A gallery Gentil Carioca arrived in São Paulo a year and a half ago and installed its expanded space in a charming dead-end street, in Higienópolis. Denilson Baniwa is currently exhibiting a set of works with the humorous title Husbands stew, bringing together works that address concepts he defends, such as the impact of the colonial catechesis system on indigenous people and the preservation of the culture of all ethnicities. Denilson is an activist and also works in advertising, digital culture and hacking, building indigenous imagery that circulates in magazines, films and TV series.
I visit the exhibition with him. All the works on display have to do with his research into contact between the Western world and indigenous people. Denilson talks about the damage caused by the construction of indigenous boarding schools that operated in Catholic boarding schools, built in indigenous territories. “In my region, in the interior of Amazonas, there were some of these institutions that forced children to go there and forget their language and identity. My parents and grandparents were also hospitalized and were left with trauma. The presence of foreigners in catechesis contributed to the disappearance of the language of indigenous people of various ethnicities throughout Brazil”.
Arbitrariness and threats still spread across various locations today and cause terror, which is why many indigenous people become Catholics, and those who resist are demonized. The name of the exhibition is taken from the book Moqueca de Marido: Indigenous erotic myths, by Beth Mindlin. “The publication brings together several sensual, erotic, scatological stories that I brought into the research. Catechization created a taboo on sin, with all forms of punishment, including repressing sexual freedom, for example, and this brings trauma. The abuse is historic, but now we have the possibility of restructuring indigenous society. It is clear that knowing what happened in the past and still happens, reconstruction needs to be carried out, and from today onwards”.

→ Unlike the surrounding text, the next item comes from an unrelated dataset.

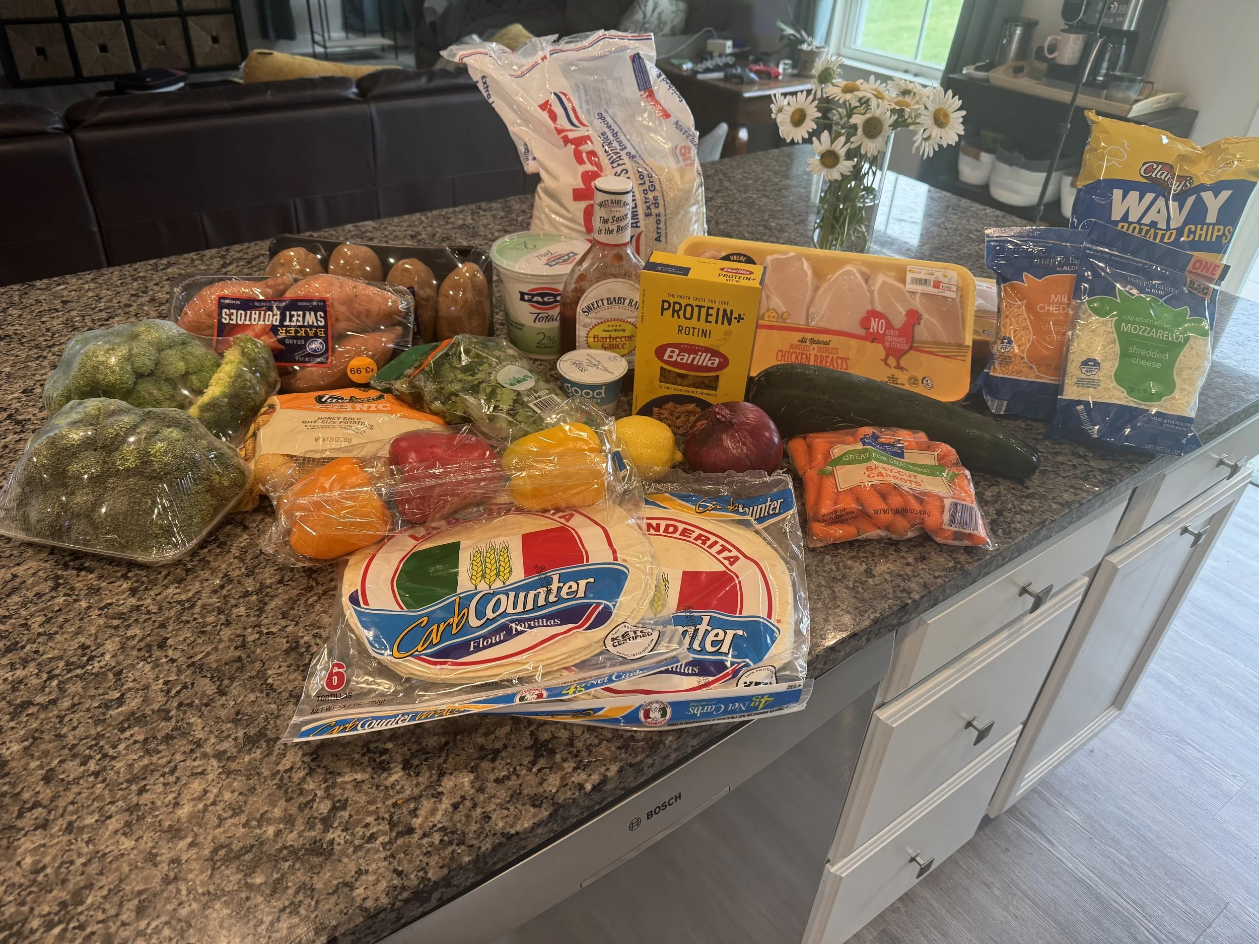 The ingredients for the week are pictured below minus a tomato and cucumber I gathered from the garden later in the week when I needed it. Also, I have also omitted picturing all my seasoning! This will feed my family of 5 for the week with some leftovers!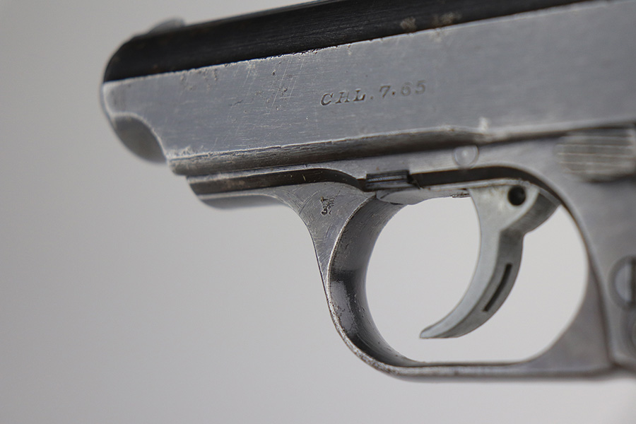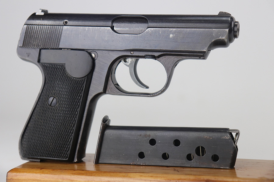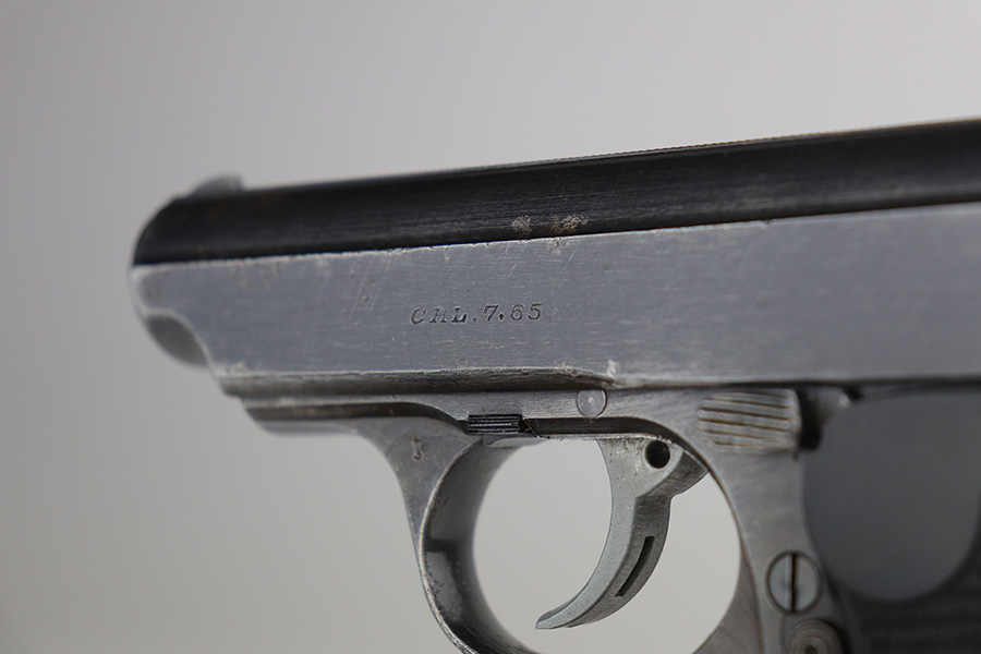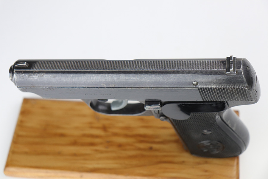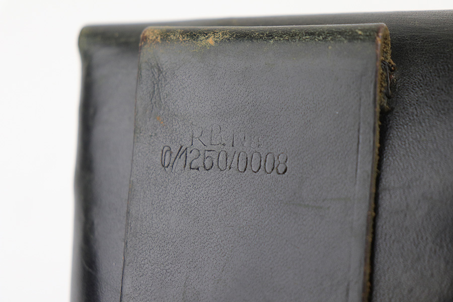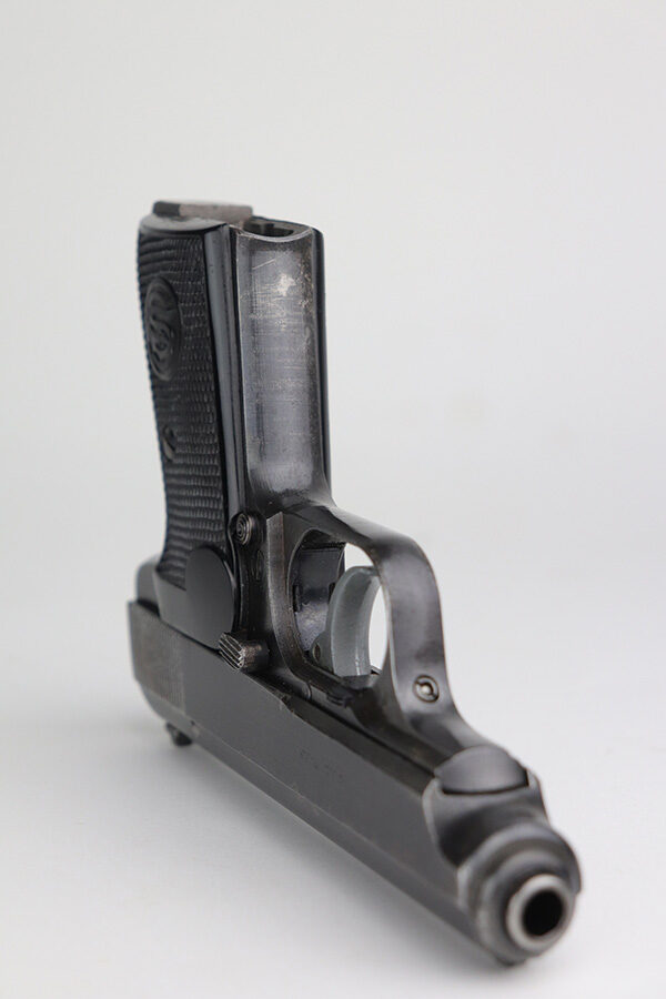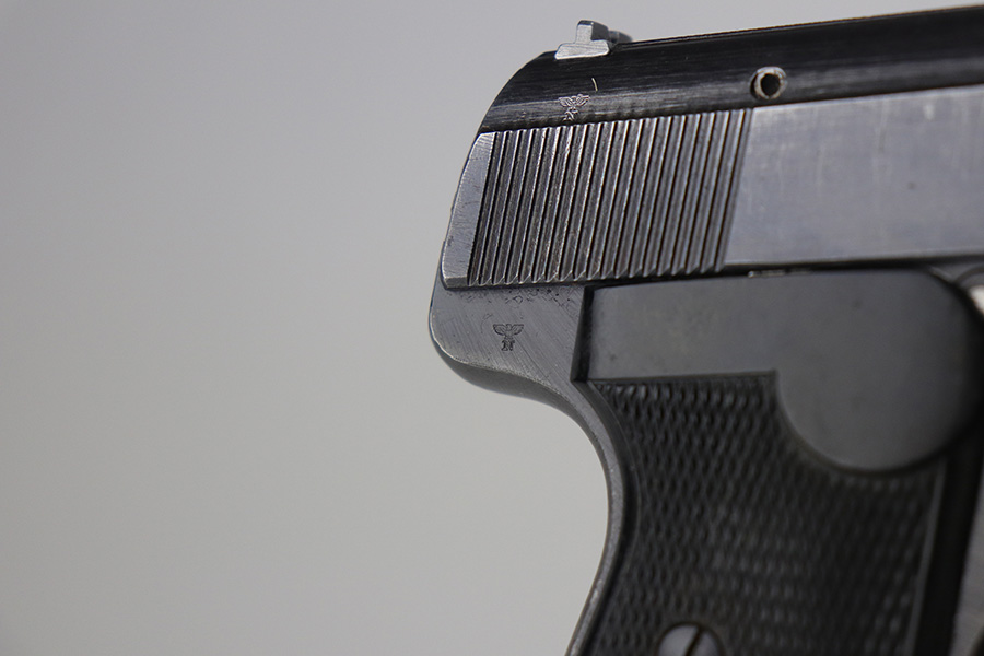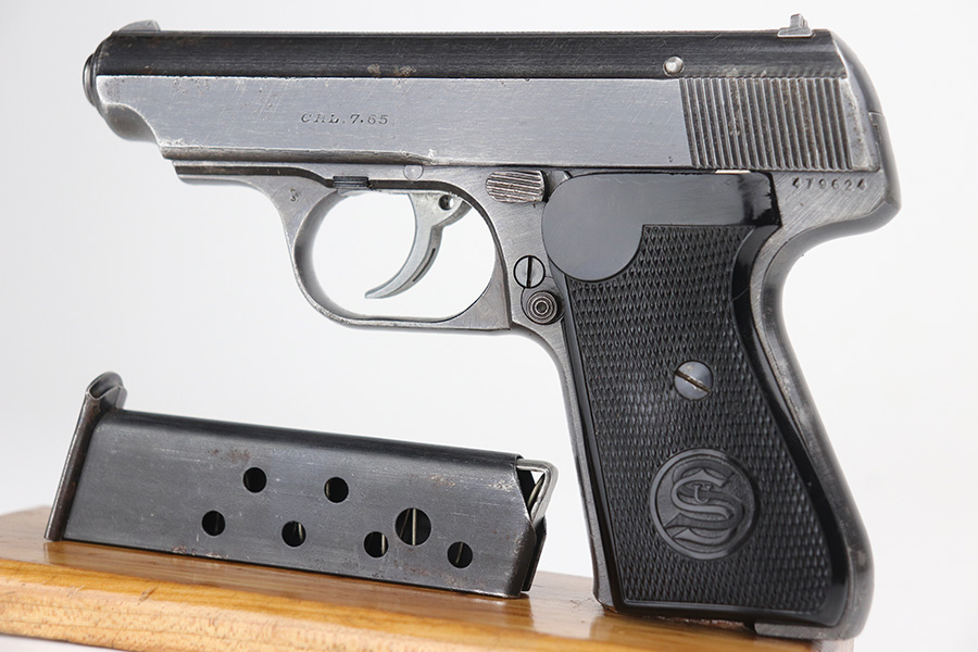 11/17/21 – This is a nice example of a Sauer 38h issued to the Nazi military during WW2. It is all matching and has the proper “Eagle 37” Nazi military acceptance proof on the left side of the trigger guard. It comes as a rig with two period-correct magazines and a post-war black leather holster. The gun has retained about 91-92% of its original military finish. There is some minor thinning on the slide, but the most obvious signs of finish loss are areas of splotchy discoloration on both grip straps and both sides of the slide (more noticeable on the left side). There are some small areas of minor pitting on the left side of the slide, around the muzzle, and on the front strap. Areas of light scratching on both sides of the slide. Some freckling on the bottom of the frame. Comes with very nice period-correct grips – hairline crack in the left panel. The bore is mint.

Denilson points out the excess of other myths coming from outside, whether due to religion or mass culture. “In this exhibition there are works that talk about still ancient mythologies, one of them reconstructs the talk about the possibility of finding heaven, a heaven that we know exists, but we don't know, and that everyone says is good”. Denilson comments on two mythologies contained in this legend. The first talks about a party in the sky, where only those who fly could enter. A tortoise heard that heaven was fun and wanted to go, so he got into a bird's bag. When he got there he didn't like what he saw, he wanted to go back, but as he can't fly he stayed there, slipped and fell to the ground, which is why their carcasses are flat. “When the Catholic church arrives and promises us redemption in heaven, no one understands what heaven this is, so we lose the strength of our bodies and thoughts that are available to this heaven. This work talks about these possible heavens that enslave you.”
The anthropologist and filmmaker Carlos Fausto, who is the curator of this exhibition, writes in his text: “Denilson puts on stage the forms of eating, sexual and cannibalistic, in which people and animals mix, the enlightened nun receives a vibrator, the tapir with his huge penis dances close to the girl, a couple sucks a spaghetti of intestines and a woman delicately and sensually devours her husband's arm, lying in his canoe hammock stretched out into infinity. I want moqueca!” When I finished reading it I thought, phew! I'm glad I didn't get confused by this text that has the soul of the exhibition Forrobodó, whose party/vernissage took place at the headquarters of A Gentil Carioca, in the heart of Rio, with crazy performances with the look of an early carnival.